• What is expected
A precise reproduction of every record below is needed, minus the pictures.

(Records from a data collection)

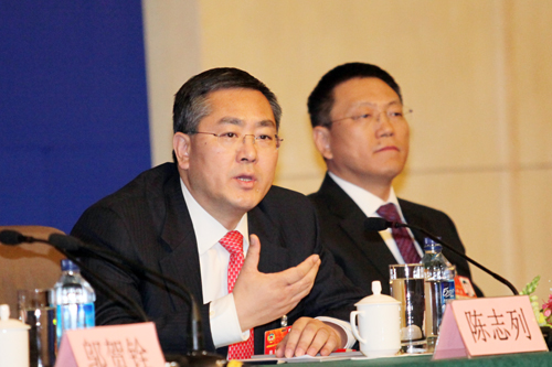 全國政協委員馬大龍、鄔賀銓、尹卓、陳志列、徐冠巨、郭為出席記者會,并回答記者提問。
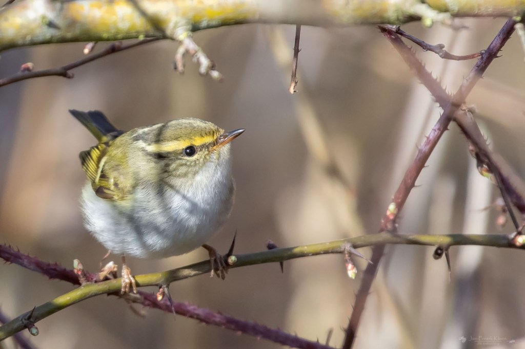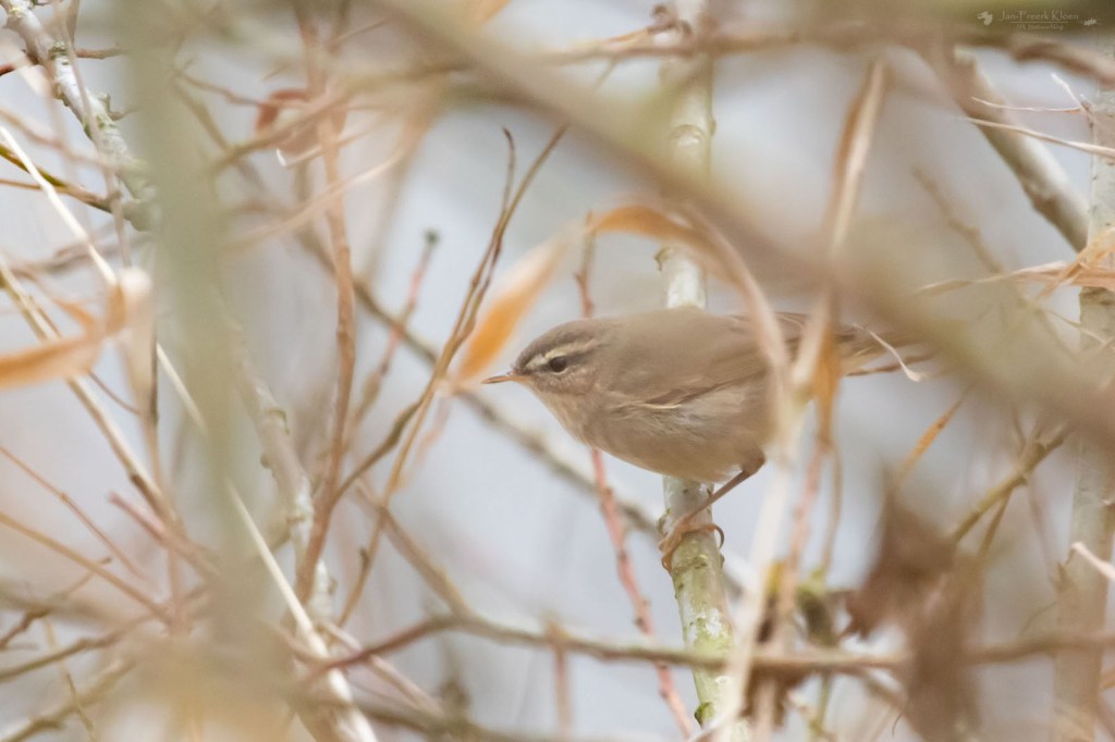 Gisteren ging ik met twee vrienden naar Utrecht, waar een tijdje geleden een Humes bladkoning opdook in een woonwijk. Ik heb hem al een paar keer gezien toen hij overwinterde in Wageningen, maar dat was een vrijwel onmogelijk exemplaar om te fotograferen. Die in Utrecht leek beter te doen. Het leuke van boszangers vind ik dat het eigenlijk heel goed te doen is om ze mooi op de foto te krijgen, maar dat het totaal niet zo lijkt en dat je er wel wat geduld en koppigheid voor nodig hebt. Ze zijn namelijk niet schuw en komen vaak genoeg vlak voor de lens langs. Maar er is wel een probleempje. Stilzitten staat niet in hun woordenboek. Het zijn echte stuiterballen. En daar was de Humes bladkoning in Utrecht een schoolvoorbeeld van.
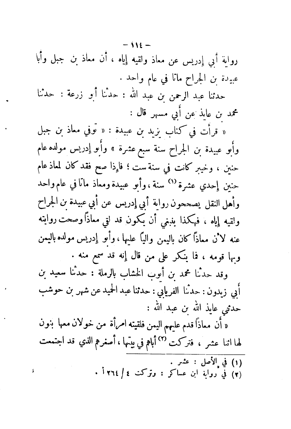 حَدَّثَنَا عَبْدُ الرَّحْمَنِ بْنُ عَبْدِ اللَّهِ، حَدَّثَنَا أَبُو زُرْعَةَ، حَدَّثَنَا مُحَمَّدُ بْنُ عَائِذٍ، عَنْ أَبِي مُسْهِرٍ، قَالَ: قَرَأْتُ فِي كِتَابِ يَزِيدَ بْنِ عُبَيْدَةَ: §«تُوُفِّيَ مُعَاذُ بْنُ جَبَلٍ وَأَبُو عُبَيْدَةَ بْنُ الْجَرَّاحِ سَنَةَ سَبْعَ عَشْرَةَ» وَأَبُو إِدْرِيسَ مَوْلِدُهُ عَامَ حُنَيْنٍ، وَحُنَيْنٌ كَانَتْ فِي سَنَةِ سِتٍّ، فَإِذَا صَحَّ فَقَدْ كَانَ لِمُعَاذٍ عَامَ حُنَيْنٍ إِحْدَى عَشْرَةَ سَنَةً، وَأَبُو عُبَيْدَةَ وَمُعَاذٌ مَاتَا فِي عَامٍ وَاحِدٍ، وَأَهْلُ النَّقْلِ يُصَحِّحُونَ رِوَايَةَ أَبِي إِدْرِيسَ عَنْ أَبِي عُبَيْدَةَ بْنِ الْجَرَّاحِ وَلُقْيِهِ إِيَّاهُ، فَهَكَذَا يَنْبَغِي أَنْ يَكُونَ قَدْ لَقِيَ مُعَاذًا وَصَحَّتْ رِوَايَتُهُ عَنْهُ، لِأَنَّ مُعَاذًا كَانَ بِالْيَمَنِ وَالِيًا عَلَيْهَا، وَأَبُو إِدْرِيسَ مَوْلِدُهُ بِالْيَمَنِ وَبِهَا قَوْمُهُ، فَمَا يُنْكَرُ عَلَى مَنْ قَالَ إِنَّهُ قَدْ سَمِعَ مِنْهُ
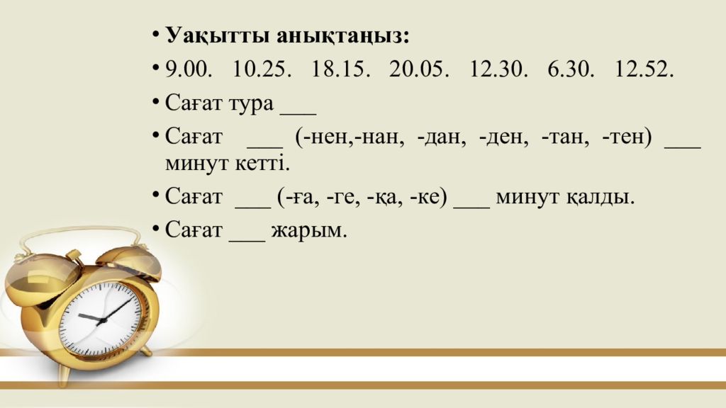 Уақытты анықтаңыз: 9.00. 10.25. 18.15. 20.05. 12.30. 6.30. 12.52. Сағат тура ___ Са ғат ___ (- нен,- нан, -дан, -ден, - тан, - тен ) ___ минут кетті. Са ғат ___ (- ға, - ге, - қа, - ке ) ___ минут қалды. Сағат ___ жарым.
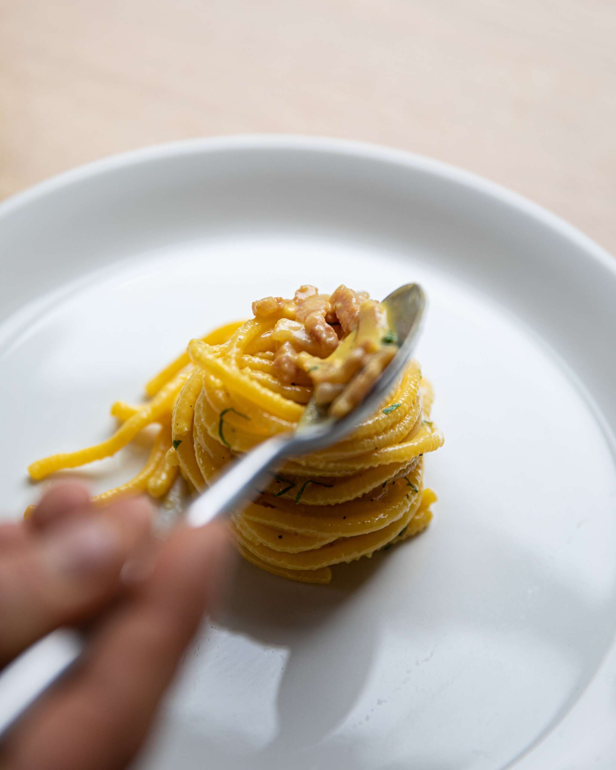 Place a heavy pot on the stove and turn your heat on maximum.When the pot is Feel up a pot with water and bring it to boil, then add rock salt. Start to cut your guanciale or pancetta, first of all clean the cured cut from the skin and the layer of pepper, then slice the meat around 1cm thick and then cut it in chunks (around 2cm). Place the Guanciale in a cold pan, without any oil and turn the heat on minimum. In this way you will melt completely the fat in your meat. It will take around 10 minutes, until the Guanciale it will be crunchy and with a nice caramelization. In a metal bowl (big enough to hold the cooked pasta) add your Egg-yolk, parmesan and pepper. Mix everything with a whisk or a fork until you will reach a thick mixture. Place your pasta in the boiling water and cook it until “al dente”. In the mean time you cook the pasta you can add to the eggs the fat that been released from the pork and mix everything together, keep the meat on a side, we want to keep the Guanciale crunchy. Place your bowl on the pasta water ( bain-marie ) and let the eggs mixture reach the temperature 30-40 Celsius, keep mixing the eggs during this process. Ad this point you can your pasta straight to the metal mixing bowl tighter with your eggs and give them a proper mix until smooth and creamy, add your guanciale and serve straight away. Carbonara is a game of temperature, the pasta dish have to be creamy and the eggs don’t have to be coagulate, when the pasta and eggs are together the temperature have to be below 60-65 Celcius. This recipe is a good tricks for beginners because you don’t add the eggs straight to the pan, sometimes even if you don’t realize the pan is still hot and this gonna let you coagulate the eggs.
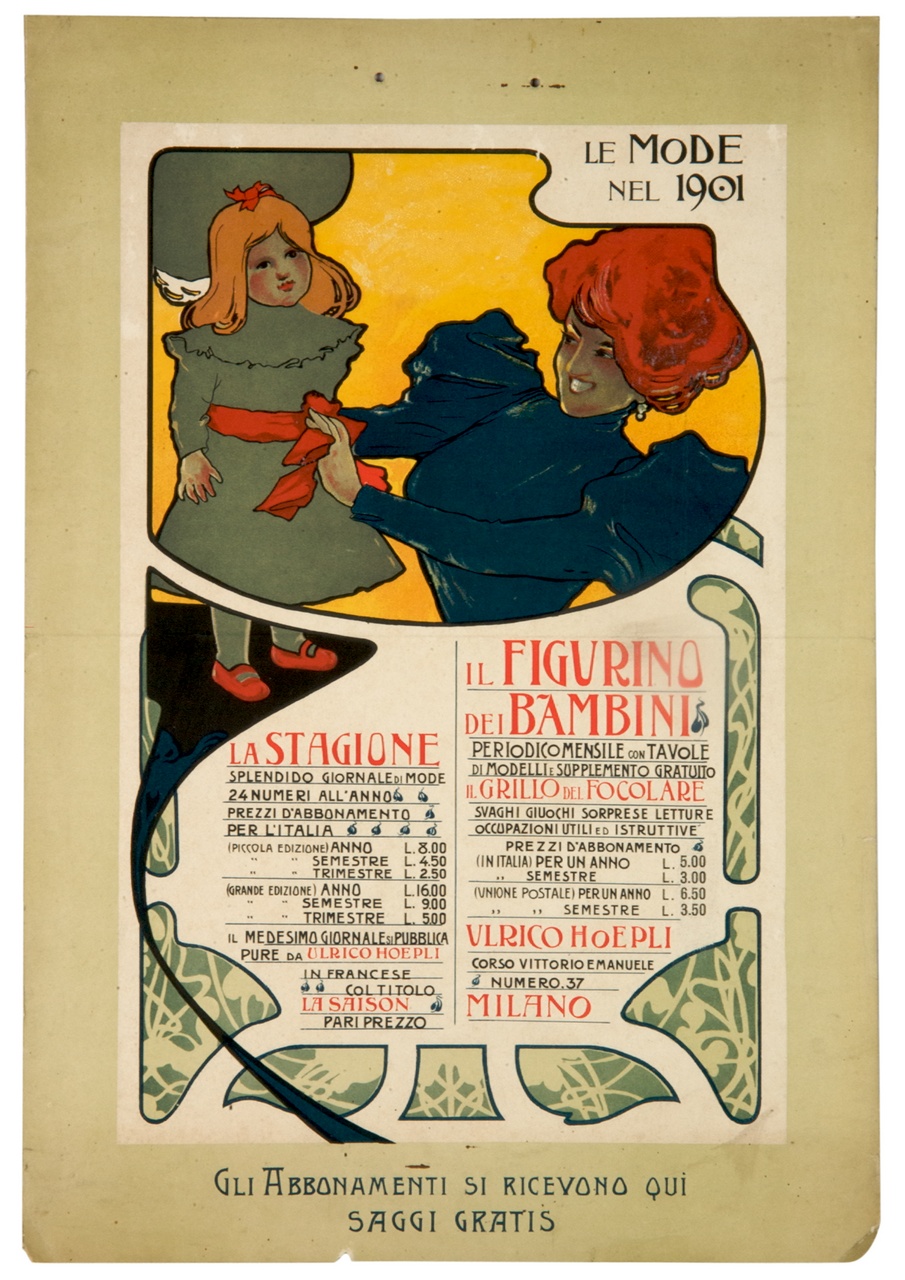 Lettura iconografica: figure femminili; donna; bambina; nastro; fiocco. Categoria merceologica/ tipo evento: informazione e comunicazione; editoria; periodico mensile; periodico bisettimanale; moda; tempo libero. Nomi: La Stagione; La Saison; Il Figurino dei Bambini; Il Grillo del Focolare; Ulrico Hoepli. Luoghi: Milano
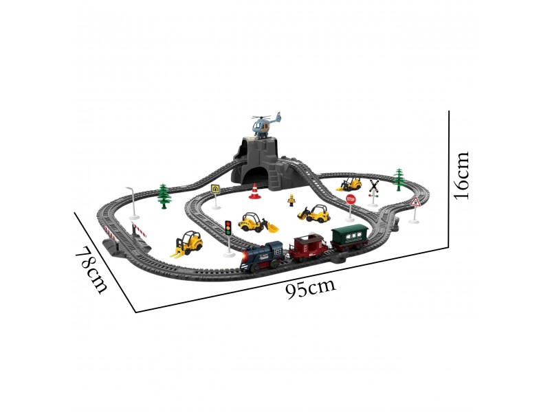 - Bėgiai, kurių bendras ilgis leidžia sukurti didelę trasą (95 × 78 cm).
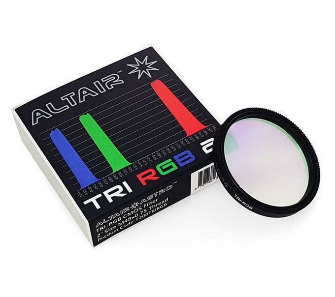 - TRI-RGB ergänzt die Altair TriBand- und DualBand-Filter durch Hinzufügen von Sternfarben.
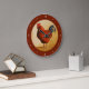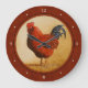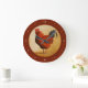 Rhode Island Red Chicken Rooster standing in the dry grass on a warm sunny summer day. Accented with a matching rustic barn red patterned background.
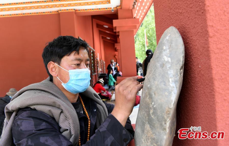 A craftsman engraves on a stone at a petroglyph park in Bangtuo, Rangtang County, Ngawa (Aba) Tibetan and Qiang Autonomous Prefecture in Southwest China's Sichuan Province, June 13, 2020. Established in 2017, the petroglyph park preserves relics with great historical value, like lamaist pagoda and Buddhist Stone Sutras. (Photo: China News Service/An Yuan)

• Result
 全國政協委員馬大龍、鄔賀銓、尹卓、陳志列、徐冠巨、郭為出席記者會,并回答記者提問。
 Gisteren ging ik met twee vrienden naar Utrecht, waar een tijdje geleden een Humes bladkoning opdook in een woonwijk. Ik heb hem al een paar keer gezien toen hij overwinterde in Wageningen, maar dat was een vrijwel onmogelijk exemplaar om te fotograferen. Die in Utrecht leek beter te doen. Het leuke van boszangers vind ik dat het eigenlijk heel goed te doen is om ze mooi op de foto te krijgen, maar dat het totaal niet zo lijkt en dat je er wel wat geduld en koppigheid voor nodig hebt. Ze zijn namelijk niet schuw en komen vaak genoeg vlak voor de lens langs. Maar er is wel een probleempje. Stilzitten staat niet in hun woordenboek. Het zijn echte stuiterballen. En daar was de Humes bladkoning in Utrecht een schoolvoorbeeld van.
 حَدَّثَنَا عَبْدُ الرَّحْمَنِ بْنُ عَبْدِ اللَّهِ، حَدَّثَنَا أَبُو زُرْعَةَ، حَدَّثَنَا مُحَمَّدُ بْنُ عَائِذٍ، عَنْ أَبِي مُسْهِرٍ، قَالَ: قَرَأْتُ فِي كِتَابِ يَزِيدَ بْنِ عُبَيْدَةَ: §«تُوُفِّيَ مُعَاذُ بْنُ جَبَلٍ وَأَبُو عُبَيْدَةَ بْنُ الْجَرَّاحِ سَنَةَ سَبْعَ عَشْرَةَ» وَأَبُو إِدْرِيسَ مَوْلِدُهُ عَامَ حُنَيْنٍ، وَحُنَيْنٌ كَانَتْ فِي سَنَةِ سِتٍّ، فَإِذَا صَحَّ فَقَدْ كَانَ لِمُعَاذٍ عَامَ حُنَيْنٍ إِحْدَى عَشْرَةَ سَنَةً، وَأَبُو عُبَيْدَةَ وَمُعَاذٌ مَاتَا فِي عَامٍ وَاحِدٍ، وَأَهْلُ النَّقْلِ يُصَحِّحُونَ رِوَايَةَ أَبِي إِدْرِيسَ عَنْ أَبِي عُبَيْدَةَ بْنِ الْجَرَّاحِ وَلُقْيِهِ إِيَّاهُ، فَهَكَذَا يَنْبَغِي أَنْ يَكُونَ قَدْ لَقِيَ مُعَاذًا وَصَحَّتْ رِوَايَتُهُ عَنْهُ، لِأَنَّ مُعَاذًا كَانَ بِالْيَمَنِ وَالِيًا عَلَيْهَا، وَأَبُو إِدْرِيسَ مَوْلِدُهُ بِالْيَمَنِ وَبِهَا قَوْمُهُ، فَمَا يُنْكَرُ عَلَى مَنْ قَالَ إِنَّهُ قَدْ سَمِعَ مِنْهُ
 Уақытты анықтаңыз: 9.00. 10.25. 18.15. 20.05. 12.30. 6.30. 12.52. Сағат тура ___ Са ғат ___ (- нен,- нан, -дан, -ден, - тан, - тен ) ___ минут кетті. Са ғат ___ (- ға, - ге, - қа, - ке ) ___ минут қалды. Сағат ___ жарым.
 Place a heavy pot on the stove and turn your heat on maximum.When the pot is Feel up a pot with water and bring it to boil, then add rock salt. Start to cut your guanciale or pancetta, first of all clean the cured cut from the skin and the layer of pepper, then slice the meat around 1cm thick and then cut it in chunks (around 2cm). Place the Guanciale in a cold pan, without any oil and turn the heat on minimum. In this way you will melt completely the fat in your meat. It will take around 10 minutes, until the Guanciale it will be crunchy and with a nice caramelization. In a metal bowl (big enough to hold the cooked pasta) add your Egg-yolk, parmesan and pepper. Mix everything with a whisk or a fork until you will reach a thick mixture. Place your pasta in the boiling water and cook it until “al dente”. In the mean time you cook the pasta you can add to the eggs the fat that been released from the pork and mix everything together, keep the meat on a side, we want to keep the Guanciale crunchy. Place your bowl on the pasta water ( bain-marie ) and let the eggs mixture reach the temperature 30-40 Celsius, keep mixing the eggs during this process. Ad this point you can your pasta straight to the metal mixing bowl tighter with your eggs and give them a proper mix until smooth and creamy, add your guanciale and serve straight away. Carbonara is a game of temperature, the pasta dish have to be creamy and the eggs don’t have to be coagulate, when the pasta and eggs are together the temperature have to be below 60-65 Celcius. This recipe is a good tricks for beginners because you don’t add the eggs straight to the pan, sometimes even if you don’t realize the pan is still hot and this gonna let you coagulate the eggs.
 Lettura iconografica: figure femminili; donna; bambina; nastro; fiocco. Categoria merceologica/ tipo evento: informazione e comunicazione; editoria; periodico mensile; periodico bisettimanale; moda; tempo libero. Nomi: La Stagione; La Saison; Il Figurino dei Bambini; Il Grillo del Focolare; Ulrico Hoepli. Luoghi: Milano
 - Bėgiai, kurių bendras ilgis leidžia sukurti didelę trasą (95 × 78 cm).
 - TRI-RGB ergänzt die Altair TriBand- und DualBand-Filter durch Hinzufügen von Sternfarben.
 Rhode Island Red Chicken Rooster standing in the dry grass on a warm sunny summer day. Accented with a matching rustic barn red patterned background.
 A craftsman engraves on a stone at a petroglyph park in Bangtuo, Rangtang County, Ngawa (Aba) Tibetan and Qiang Autonomous Prefecture in Southwest China's Sichuan Province, June 13, 2020. Established in 2017, the petroglyph park preserves relics with great historical value, like lamaist pagoda and Buddhist Stone Sutras. (Photo: China News Service/An Yuan)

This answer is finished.